Ways AI can assist travel planning

Did you see a social media post of a trip you’d like to be on? Send it to Expedia to book your own version through a feature called Trip Matching, which can turn social media reels into bookable trip itineraries. 

Don’t know what to plan for the kids while on a family vacation? ChatGPT can generate a list of free activities in any locale. 

Not sure how many loyalty points or rewards you’ve accrued, or what they’re worth? A company called Gondola AI can figure that out, helping users maximize their loyalty points so their dollars take them further.

Trip planning and booking is prime territory for AI agents to test their skills, and hopefully, make the process easier for consumers, according to AI leaders. 

“These days, it’s easier to identify where AI is not being used to help travelers.
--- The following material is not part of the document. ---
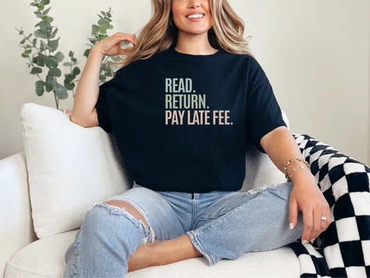 Library Humor Tee: Read. Return. Pay Late Fee. Book Lover Gift

It is everywhere, from planning to booking,” Melanie Fish, head of global PR for Expedia Brands, told CBS MoneyWatch.

Jennifer Yellin, travel expert at Points Path, a browser extension that helps consumers compare flight deals, said the more she utilizes AI for trip planning, the better the technology gets to know her, and the more useful it becomes. 

“The more you use it, it starts to recognize your patterns and preferences. It gets to know you as a traveler,” she said of a Gondola AI, one of her favorite new tools. “If you’ve been booking stays at Ritz Carltons, it won’t suggest a Marriott Residence Inn as a first option; it will suggest a stay of a similar caliber.”

“I used it dozens of times”

Other travel industry pros say they see more value in AI’s ability to help them navigate locales once they’ve arrived. 

“ChatGPT totally revolutionized how we were able to get along in China — I used it to scan menus and translate them into English,” Scott Keyes, founder of flight deals site Going.com, told CBS MoneyWatch.tytrf “I used it dozens of times a day.”

As far as trip planning goes, Keyes said that while he’s generally an AI optimist, “the use case has not yet proven itself to me.”

Which tools are the most helpful? These are some popular trip planning tools. Here’s how they can help, and where they fall short. 

AI travel planning tools

ChatGPT: The AI chatbot can suggest places to stay or things to do anywhere in the world. Tell it you’re visiting New York City around Christmastime with young children and you’re not sure what neighborhood to stay in. It can suggest parts of town and outline their pros and cons. 

Google Flight Deals: Enter a destination and desired dates, or describe the type of trip you’d like to take, such as “beach escape,” or “Paris in the fall.” Let the AI-powered search engine — designed for travelers who want to save money — try to find you the best deal based on such parameters. The tool is not an AI agent though, and can’t book tickets for you. 

Expedia Trip Matching: The AI tool lets you send a public Instagram travel reel, or video, to Expedia, which will create an itinerary based on the visual inspiration you provide. The reel must be publicly available on Instagram, and the AI tool can only suggest trips in the U.S. market. 

Gondola AI: Give the tool access to your email, and it will cull your loyalty points and rewards from airlines, hotels and credit card companies to let you know what they are worth. It will compare prices in cash versus combinations of points, and can save you hundreds of dollars. It comes into play after you’ve decided where you want to go and stay. “We are about finding you money, earning you money and redeeming at the highest possible value,” Erickson said.